O público e o privado no Brasil: entre lençóis, joias e moedas
Apparício Torelly, o Barão de Itararé, dizia que o “homem público no Brasil costuma fazer na vida pública o que faz na privada”. Privada, no caso, é o vaso sanitário, e o trocadilho, mais atual que nunca. Na verdade, nos trópicos, nunca deixa de ser atual.
Joias, móveis, lanches, relógios, viagens, carros, etc. O cardápio é imenso, como também é a falta de republicanismo. Sem privilégio ideológico ou político, o patrimonialismo é algo – infelizmente – que faz parte do DNA do homem público no Brasil. E olha que a Constituição diz há 35 anos que impessoalidade, moralidade e republicanismo são valores básicos da vida pública.
Dessa tradição carente de consciência republicana, temos a materialização do não republicanismo no “homem cordial”, termo cunhado por Sérgio Buarque de Holanda. Para o pensador brasileiro, esse “sujeito” possui uma característica excêntrica no seu modo de ser: a cordialidade, movendo-se pela emoção, sendo incapaz de diferenciar entre o público e o privado, adverso às formalidades, subjugando ética, impessoalidade e moralidade.
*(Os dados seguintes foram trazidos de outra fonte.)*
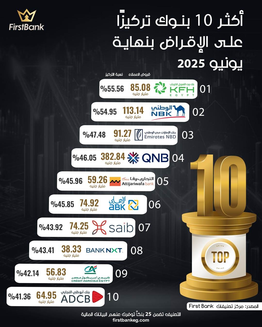 39430 /39430 أكثر 10 بنوك تركيزًا على الإقراض بنهاية يونيو 2025 First Bank 04:19 م - الإثنين 27 أكتوبر 2025 شارك شارك
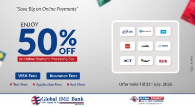 ग्लोबल आइएमई बैंकबाट अन्तर्राष्ट्रिय अनलाइन भुक्तानी ५० प्रतिशत छुट
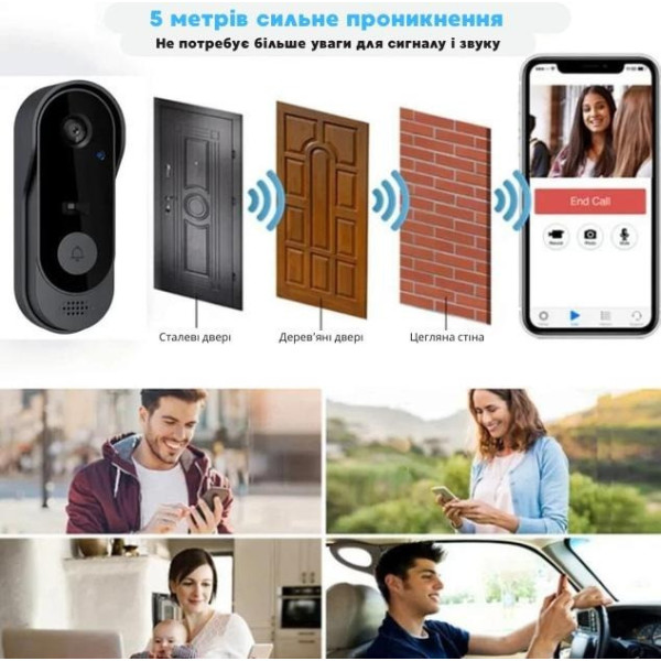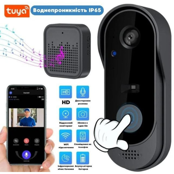 Бездротовий відеодзвінок Tuya Smart Life Doorbell з камерою, Wi-Fi, нічним баченням і двостороннім зв'язком
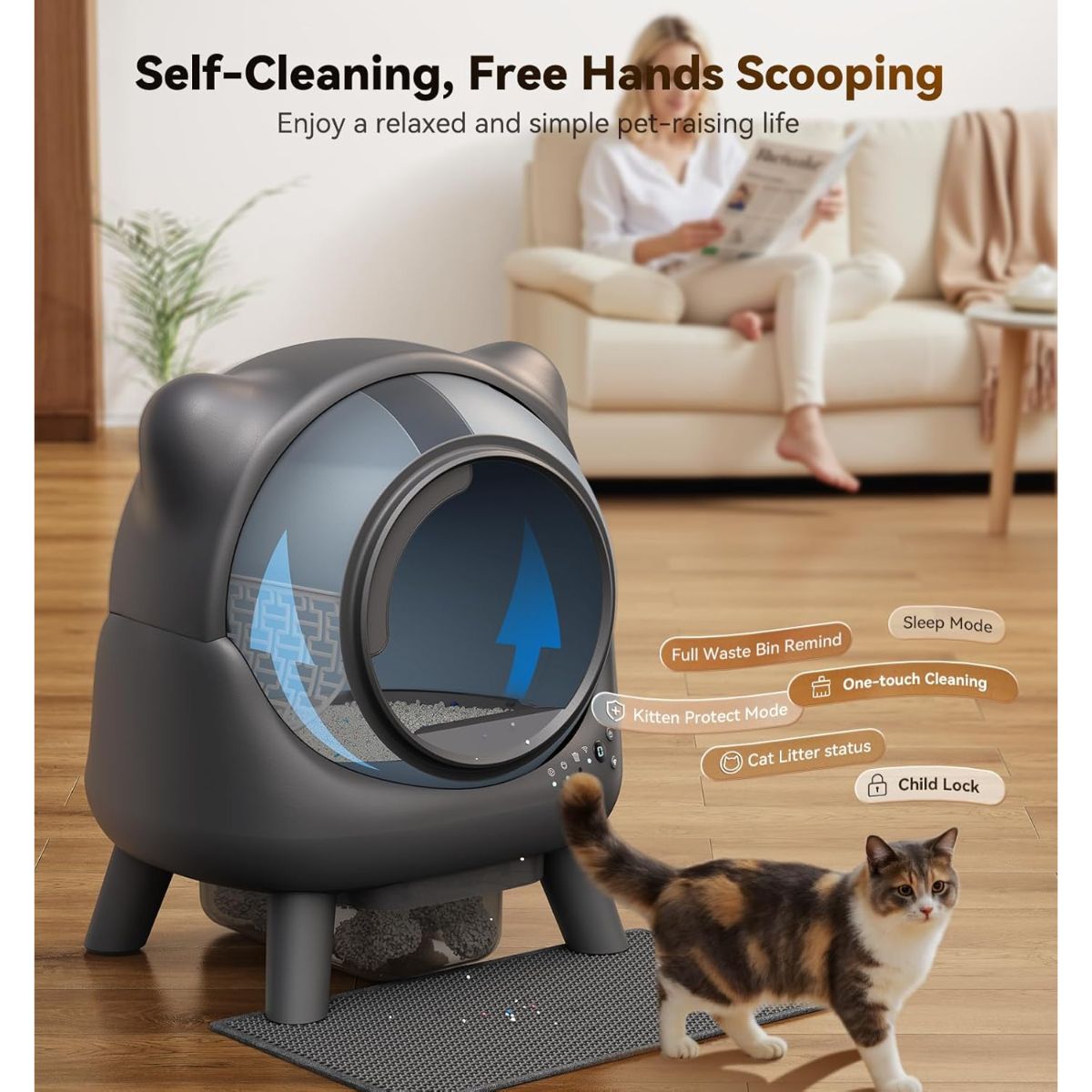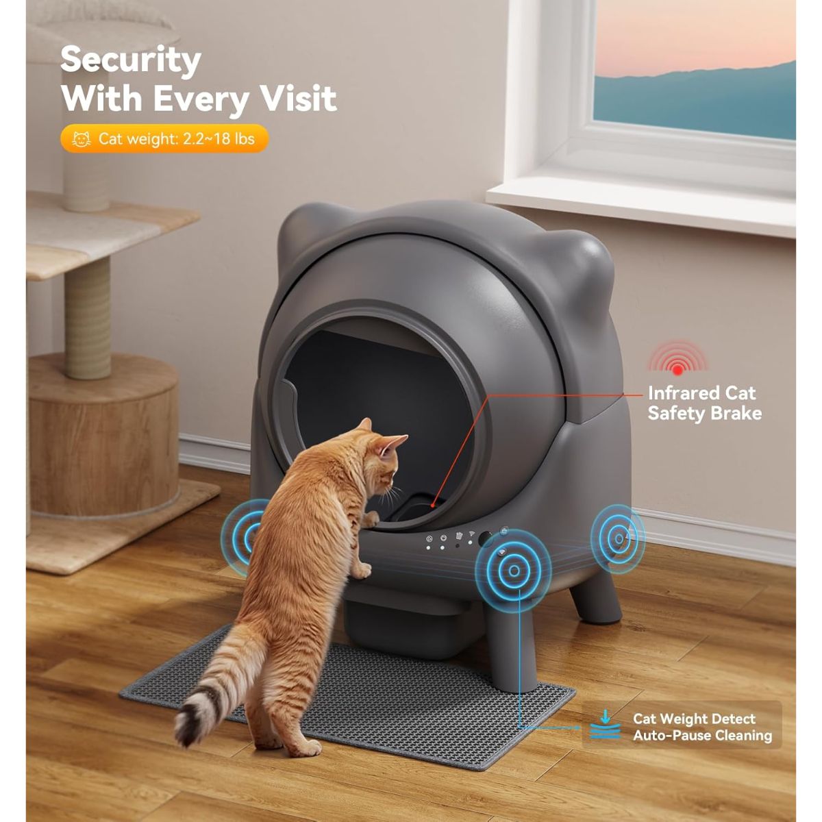 This self cleaning litter box provides hassle-free maintenance for multi-cat households. It features odor control and safety sensors for your pet’s comfort.

Tais características antropológicas podem ser conferidas a um contraditório estilo emocional do cidadão brasileiro que fez brotar e disseminar uma histórica habilidade a caminho da informalidade, havendo somente imposição de uma lei e de uma ordem considerada artificial, quando não desonesta, a favor dos interesses das elites políticas e econômicas de então.
Na vida cotidiana, tornou-se comum ignorar as leis em favor das amizades. Desmoralizadas, incapazes de se imporem, as leis não possuem tanto valor quanto, por exemplo, a palavra de um “bom” amigo; além disso, o fato de afastar as leis e seus castigos típicos é por vezes prova de boa vontade e um gesto de confiança, o que favorece boas relações de comércio e tráfico de influência. Um adágio secular traduz bem isso: “aos inimigos, as leis; aos amigos, tudo”. A informalidade era – e ainda é – uma forma de se preservar o indivíduo. Sob o verniz da Constituição, mantemos e alimentamos o patrimonialismo, o desprezo pelos direitos fundamentais e – maior das chagas da história nacional – a corrupção.
Impossível não mencionar, mesmo que derradeiramente, o último escândalo patrimonialista, que vem exatamente de quem diz de forma fria e irônica que é bastião da moral, da família e de Deus. Para além dos três conjuntos de joias que valiam mais de R$ 17 milhões, entraram na mira patrimonial os móveis do Palácio do Planalto, as moedas do espelho-d’água e até restos de carnes nobres. E nem vou mencionar a ordem para usar o avião presidencial na tentativa de retirar as joias retidas do Aeroporto de Guarulhos. E os lençóis que Michele jurou pertencerem a ela, mas foram comprados por licitação ao custo de R$ 35 mil?
Enfim, em que pese o patrimonialismo, como já dito, não ser privilégio de ideologias ou vertentes políticas específicas, nesse mar revolto que é a República brasileira há quem confunda o público com o privado e há aqueles que estão certos de que o público lhes pertence.